The main purpose of adding support for EVPN is to be able to provide multitenancy aspects by using BGP in conjunction with EVPN/VXLAN. It allows tenants to have connectivity between VMs running in different clouds, with overlapping subnet CIDRs among tenants.
Overview¶
The OVN BGP Agent is a Python based daemon that runs on each node (e.g., OpenStack controllers and/or compute nodes). It connects to the OVN Southbound DataBase (OVN SB DB) to detect the specific events it needs to react to, and then leverages FRR to expose the routes towards the VMs, and kernel networking capabilities to redirect the traffic once on the nodes to the OVN overlay.
This simple design allows the agent to implement different drivers, depending
on what OVN SB DB events are being watched (watchers examples at
ovn_bgp_agent/drivers/openstack/watchers/
), and what actions are
triggered in reaction to them (drivers examples at
ovn_bgp_agent/drivers/openstack/XXXX_driver.py
, implementing the
ovn_bgp_agent/drivers/driver_api.py
).
A new driver implements the support for EVPN capabilities with multitenancy
(overlapping CIDRs), by leveraging VRFs and EVPN Type-5 Routes.

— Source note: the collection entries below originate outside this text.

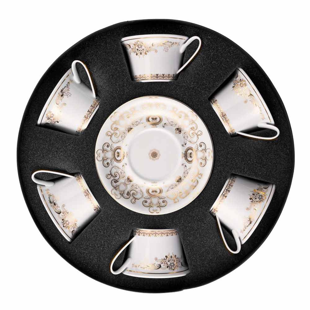 Este juego de 6 tazas de té contiene todo el refinamiento y el lujo de la nueva colección de vajilla Medusa Gala , que reinterpreta los motivos tradicionales de Versace en su diseño y decoración: el icono que representa a Medusa se alterna con refinados ornamentos barrocos en una preciosa filigrana de oro. Un emocionante efecto de contraste entre la blancura de la porcelana y el oro puro da vida a una mise en place perfecta, moderna y al mismo tiempo singular.
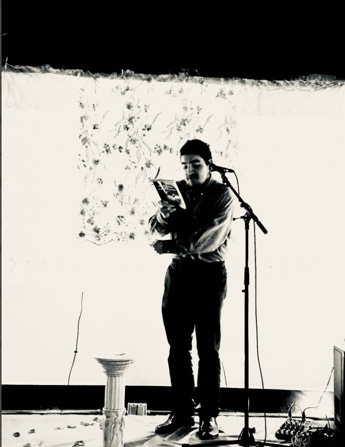 Omar’s An Odyssey Of Dingbats! is the first book published by New Ritual Press. It is a collection of short stories that are surreal and filled with dark and off the wall humor. Since Omar comes across as wholesome, the audience may be caught off guard when he reads the more graphic sexual parts of the book. For instance, an anthropomorphized hopelessly romantic crayon who witnesses a femdom/gimp slave relationship, a story of an aging and emotionally broken, albeit coping, former starlet, who recounts the trauma of forced casting couch fellatio, a story about overhearing a man talk about fellatio and eating pussy in a public restroom, and a true story of wandering off from a vocational program at a Costco parking lot and witnessing the horrors of car fellatio, which Omar describes it as if he saw the devil.
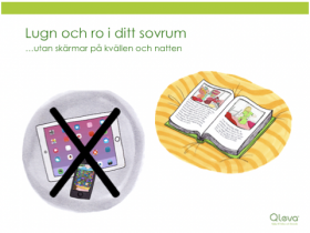 Det finns mycket spännande och roligt att titta på i paddan eller mobilen och datorn, men innan du ska sova är det bättre att läsa i en bok. Din hjärna blir annars upp-piggad av ljuset från skärmen och det blir svårare att somna då. En vanlig berättelse i en bok blir du istället lugn och sömnig av. Många säger att det känns härligt att ha en bok att läsa i varje kväll så att man har en historia i huvudet att somna till.
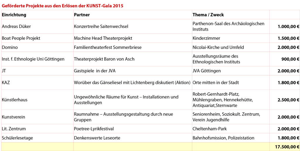 Die Einrichtungen konnten bis Ende Feb. 2015 ihre Anträge beim Verein einreichen. Im März tagte eine ausgewählte Jury, die über insgesamt 13 Anträge mit einer Gesamthöhe von fast 70.000 Euro, davon 22.000 Euro bei KUNST beantragt, zu entscheiden hatte. Die Jury entschied, 10 Projekte ganz oder teilweise zu fördern.
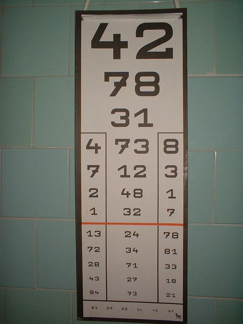 Látásvizsgáló tábla (Snellen tábla variáns, számokkal)
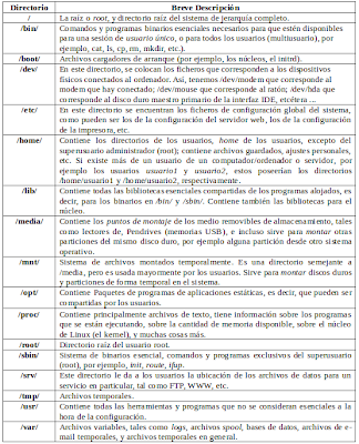 A continuación una breve descripción de los directorios que conforman el Sistema de Archivos de Linux.
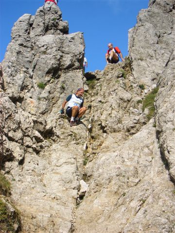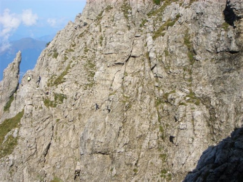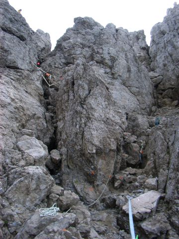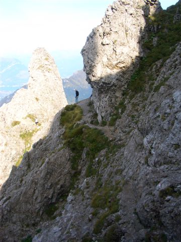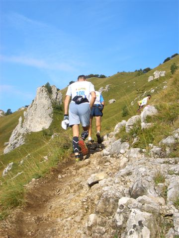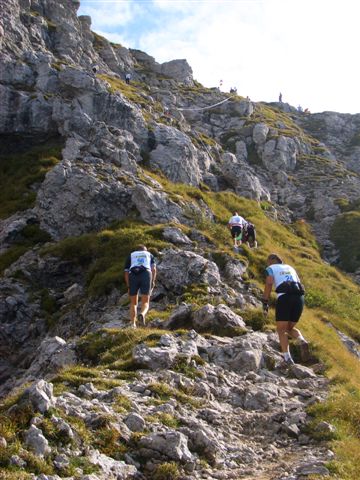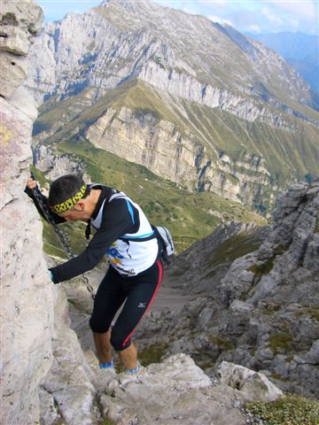 Schon bald nach der Hütte erfährt das Gewohnte eine kleine Steigerung. Seil- und kettengesicherte Passagen, die oft 10 Meter in die Höhe führen, hinunter oder den Fels queren. Ein Klettersteig der Kategorie A. Ich überlege nicht lange, ob ich heute Angst vor der Tiefe habe, allzu ausgesetzt sind die Stellen zum Glück auch nicht und die Versicherung macht einen zuverlässigen Eindruck. Hier am hinteren Ende des Läuferfeldes lässt jeder dem Vordermann Zeit, bis er die Kletterstelle überwunden hat. „Aber wie wird das wohl vorne bei den Schnellsten gegangen sein?“ frage ich mich und bin froh, nicht dazu zu gehören.

The API used
is the networking_bgpvpn
upstream project, and a new watcher is created to
react to the information being added by it into the OVN SB DB (using the
external-ids
field).
Proposed Solution¶
To support EVPN the functionality of the OVN BGP Agent needs
to be extended with a new driver that performs the extra steps
required for the EVPN configuration and steering the traffic to/from the node
from/to the OVN overlay. The only configuration needed is to enable the
specific driver on the bgp-agent.conf
file.
This new driver will also require a new watcher to react to the EVPN-related
events. In this case, the EVPN events will be triggered by the addition of
EVPN/VNI information into the relevant OVN logical_switch_ports
at the
OVN NB DB, which gets translated into external-ids at port_binding
table
at the OVN SB DB.
This information is added into OVN DBs by the networking-bgpvpn
projects.
The admin and user API to leverage the EVPN functionality is provided by
extending the networking-bgpvpn
upstream project with a new service plugin
for ML2/OVN. This plugin will annotate the needed information regarding VNI
ids into the OVN DBs by using the external-ids
field.
BGPVPN API¶
To allow users to expose their tenant networks through EVPN, without worring
about overlapping CIDRs from other tenants, the networking-bgpvpn
upstream project is leveraged as the API. It fits nicely as it has:
An Admin API to define the BGPVPN properties, such as the VNI or the BGP AS to be used, and to associate it to a given tenant.
A Tenant API to allow users to associate the BGPVPN to a router or to a network.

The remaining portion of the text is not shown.